NEISSERIA MENINGITIDIS
I. Pathophysiology
- Most common serogroups in human infections: A, B, C, Y, W-135
- Infection is associated with a 10% fatality rate
- Highly contagious
II. Clinical Features
- In a retrospective study in children < 16yo with confirmed
menningococcal disease, mean time to advanced disease stages (neck
stiffness, unconsciousness, or seizures) was < 24h for 5-15yo and even
faster for younger children; presented with septicemia in 66% and meningitis
in 22%; some had rash other than classic purpural rash or even no rash
(Lancet 367:397, 2006--JW)
III. Vaccination:
- Polysaccharide meningoccal vaccine (Menomune)

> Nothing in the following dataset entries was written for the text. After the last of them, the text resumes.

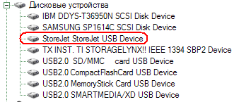 И по списку устройств не скажешь, что это Transcend — подобно безымянной продукции, накопитель определятся как установленный в него винчестер.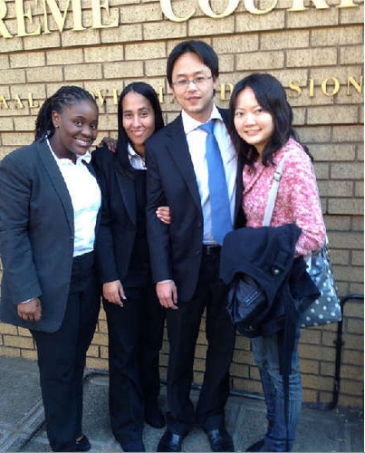 Po An-you (segundo a la derecha) el día se convirtió en un notario público Junto a sus amigos a la entrada de la Corte Suprema de Gauteng del norte, en Sudáfrica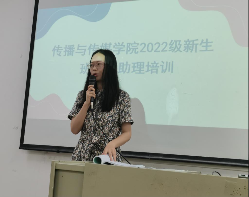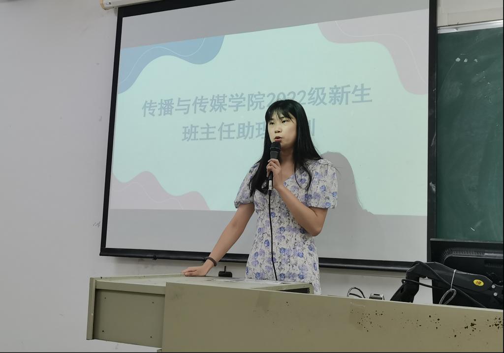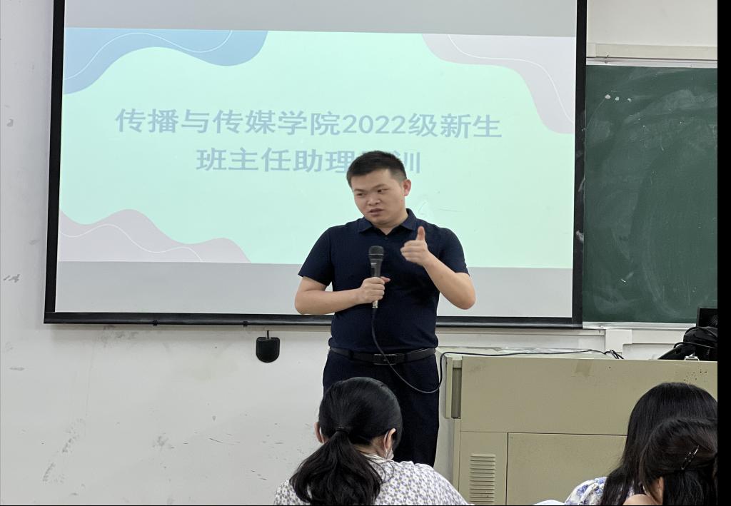 为引导新生班主任助理明确工作职责,了解新生工作重点,增强班助的责任感和使命感,确保2022年迎新工作有序进行,6月28日下午,传播与传媒学院在厚德楼C207召开2022级新生班主任助理培训会。出席本次会议的有学院党委副书记、学工办副主任谢清明,辅导员王洁、洪明霞、符元美、刘佳蓓、彭美娴、王铃蓉以及2022级新生班主任助理。

- Contains capsular polysaccharides of serogroups A, C, Y, and W-135
- Single dose of 0.5ml SQ
- Recc'd by ACIP for high risk* pts 2-10yo or > 55yo (revaccination
recc'd after 2-3y if initial received at < 4yo or after 5y for
others)
- Immunity probably lasts at least 10y (Med. Lett. 42:69, 2000) but
manufacturer recommends revaccination after 3-5y
- Conjugate meningococcal vaccine (Menactra)
- Recc'd by ACIP for:
- All kids at 11-12yo (with catch-up through high school years)
- High risk* pts 11-55yo
- Single dose of 0.5ml IM
- Not approved for < 11yo or > 55yo
*--High risk pts include college freshmen living in dormitories, military
recruits, travelers to endemic areas, or pts with terminal complement component
deficiencies or anatomic or functional asplenia
Above-referenced ACIP recommendations were published in MMWR 5/27/2005.